I flushed with embarrassment, feeling like an idiot. It’s people like me that cause instruction manuals to be written the size of novels for every gadget you’ll ever buy: “If your electric appliance fails to work, check to see that you have first plugged it in to an electric outlet…Do not test the heat of your toaster with your tongue…Curling irons are for external use only.”

But nowhere on that waffle iron’s instruction sheet did it say anything about cooking oil.

“You know,” I said to the young lady, “my wife and I have stayed at Drury Inns many times where they have waffle irons just like this, and we’ve never had to use oil spray to get the thing to work.”

It was the kind of thing you say to restore your dignity and establish the fact that you didn’t just get off the boat from some third-world country where waffles are made over fires of smoldering animal dung.

“Yeah, I know,” the girl said. “But our waffle irons don’t have a no-stick coating, like they do at Drury. You’re not the first to do that. I have to clean out this thing several times every day.”

“Well, do you have a pen? Why don’t we just jot in a little note on the instructions to tell people to spray it first?”

The girl was horrified. “Oh, no,” she said. “The company won’t let us change their signs in any way.”

“Really?” I said. “The corporate suits on the 30th floor of some office building in Montreal or Winnipeg would rather pay you every day for your needless cleanup time, instead of letting you jot a note to fix the problem? Or even—god forbid—for them to take the time to print up a more accurate sign?”

“Yeah, I guess,” she said with a shrug. “My manager has told them time and again. But they won’t let us change the sign.”

Who knows—maybe it’s cheaper to pay minimum wage for a girl to clean up four or five times a day, rather than spring for the cost to print up signs and send them out to a nation full of corporate waffle irons.

Or maybe that hotel chain simply had a CEO with no respect for the opinions of the boots on the ground.
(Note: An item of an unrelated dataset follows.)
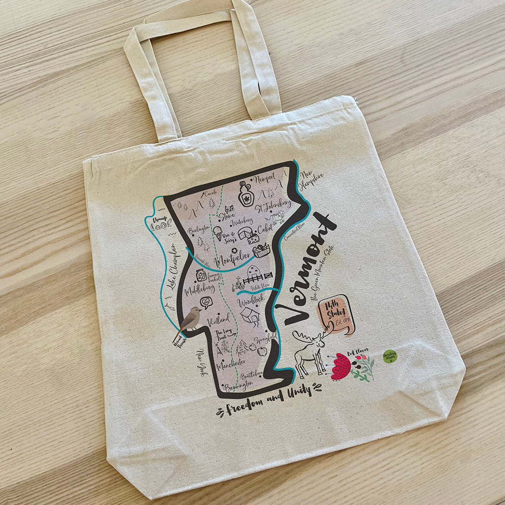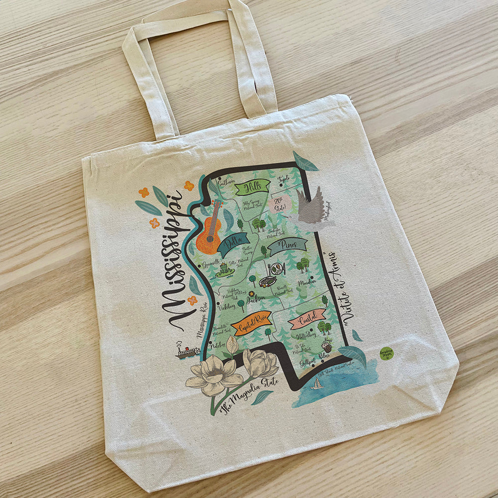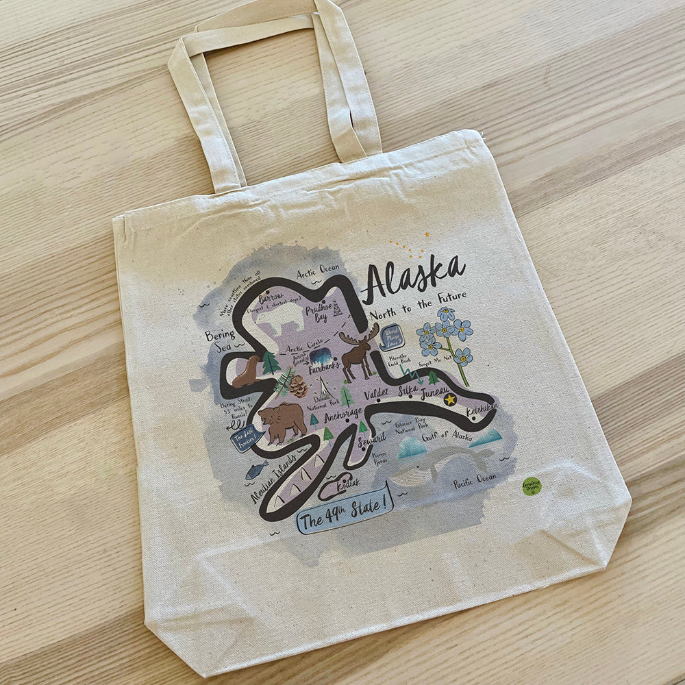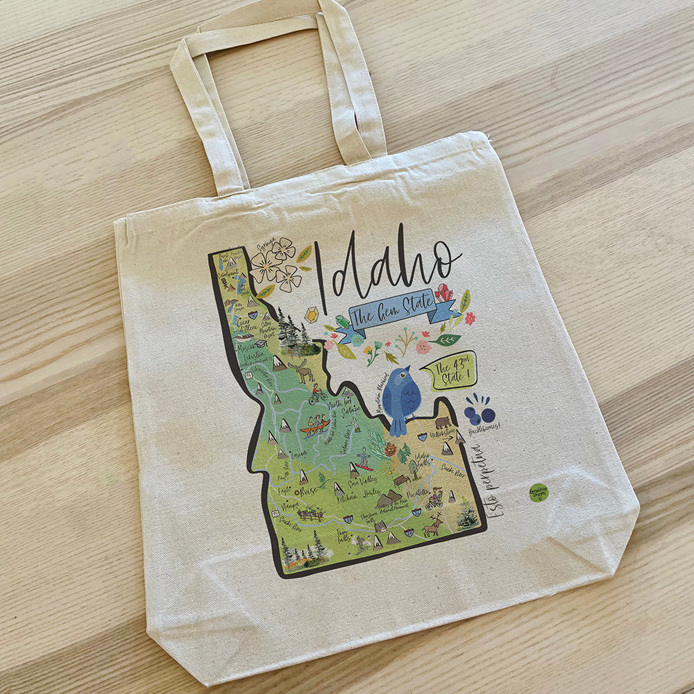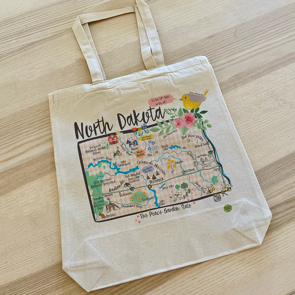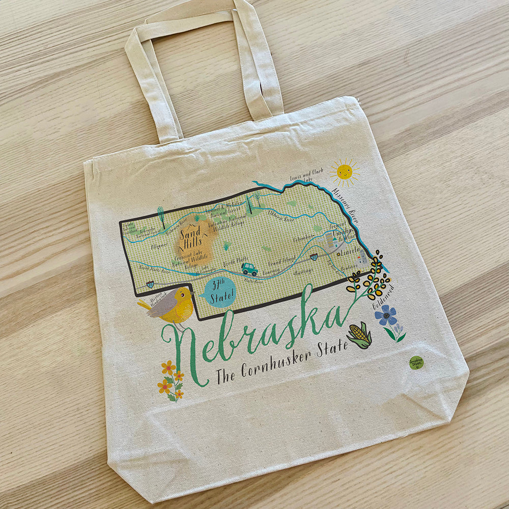 Featuring a signature, hand-drawn, calligraphic state design, this stylish tote is made of 100% organic, natural cotton. It’s ideal for commemorating a memorable vacation, and works wonderfully as a wedding or party favor, corporate gift, or welcome bag.

How could a simple working girl—or her manager, for that matter—know more about what’s best for business than a high-ranking executive on the 30th floor? Besides, reprinting a sign might seem like an admission of error. Best to leave it alone.

I finally got the waffle I hungered for, though it took me a lot longer than I hoped it might, and my ears flushed red the whole time I waited for that poor girl to clean up my mess.

And when I checked out and carried my luggage to the car, I took a short cut across the lawn on my way to the parking lot—right past the big sign that said, “Keep off the grass.”